2.1.2.1. Binary RPMs

Binary RPMs hold complete applications or libraries of functions compiled for a particular architecture. Most binary RPMs contain complete applications, such as the Apache Web server or the AbiWord word processor. These application binary RPMs usually depend on a number of system libraries which are, in turn, also provided by binary RPMs.

Finding More Software

Chapter 7, RPM Management Software covers a number of locations where you can find RPM applications galore. Your Linux installation CDs or DVDs are also a great source for applications. Most Linux distributions come with more applications than you can imagine using.
Although most binary RPMs are complete applications, others provide libraries. For example, the Simple DirectMedia Layer library (SDL), which provides graphics for many games, can be packaged as an RPM file. A number of programs, mostly games, use this library for enhanced multimedia such as rich graphics. RPMs that provide libraries allow multiple applications to share the same library. Typically, the libraries are packaged into separate RPMs from the applications.
In addition to binary RPMs that hold applications or libraries compiled for a particular architecture, RPM supports the concept of platform-independent binary RPMs. These platform-independent RPMs, called noarch as a shorted form of “no architecture” dependencies, provide applications or libraries that are not dependent on any platform. Applications written in Perl, Python, or other scripting languages often do not depend on code compiled for a particular architecture. In addition, compiled Java applications are usually free of platform dependencies.

2.1.3. Source RPMs

The mlocate package, mentioned previously, contains the mlocate application used to search for files on the system. The source code used to create this application is stored in an mlocate source RPM, for example:
mlocate-0.22.2-2.src.rpm
By convention, source RPMs have a file name ending in .src.rpm.
Source RPMs should contain all the commands, usually in scripts, necessary to recreate the binary RPM. Having a source RPM means that you can recreate the binary RPM at any time. This is a very important goal of the RPM system.

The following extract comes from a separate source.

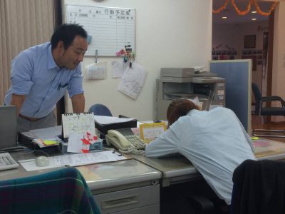 そんな一コマ・・・本日来て頂いたお子様への秘密のプレゼントを作成しています

Source RPMs and Open Source Licencing

Source RPMs have nothing to do with open-source software licenses. Linux is famous for being an open-source operating system. In RPM terms, that means the source code for the Linux kernel and most Linux applications are freely available as source RPMs. But you can also make source RPMs for proprietary programs. The key issue is that you are unlikely to distribute the source RPMs for proprietary packages.
Furthermore, a number of open-source applications are not available as source RPMs. That's a shame, since source RPMs would make these applications easier to install.
While source RPMs hold the commands necessary to create the binary RPM, there may be differences in your Linux environment that would result in rebuilding a binary RPM that is different from the original binary RPM. For example, the compile scripts for some packages may add in optional code depending on which libraries or which versions of libraries are found on your system. Chapter 13, Packaging Guidelines covers many issues in creating RPMs, and Chapter 18, Using RPM on Non-Red Hat Linuxes and Chapter 19, RPM on Other Operating Systems cover issues related to other versions of Linux and other operating systems, respectively. If you follow the guidelines when making your own RPMs, you should result in source RPMs that reproduce binary RPMs as consistently as possible.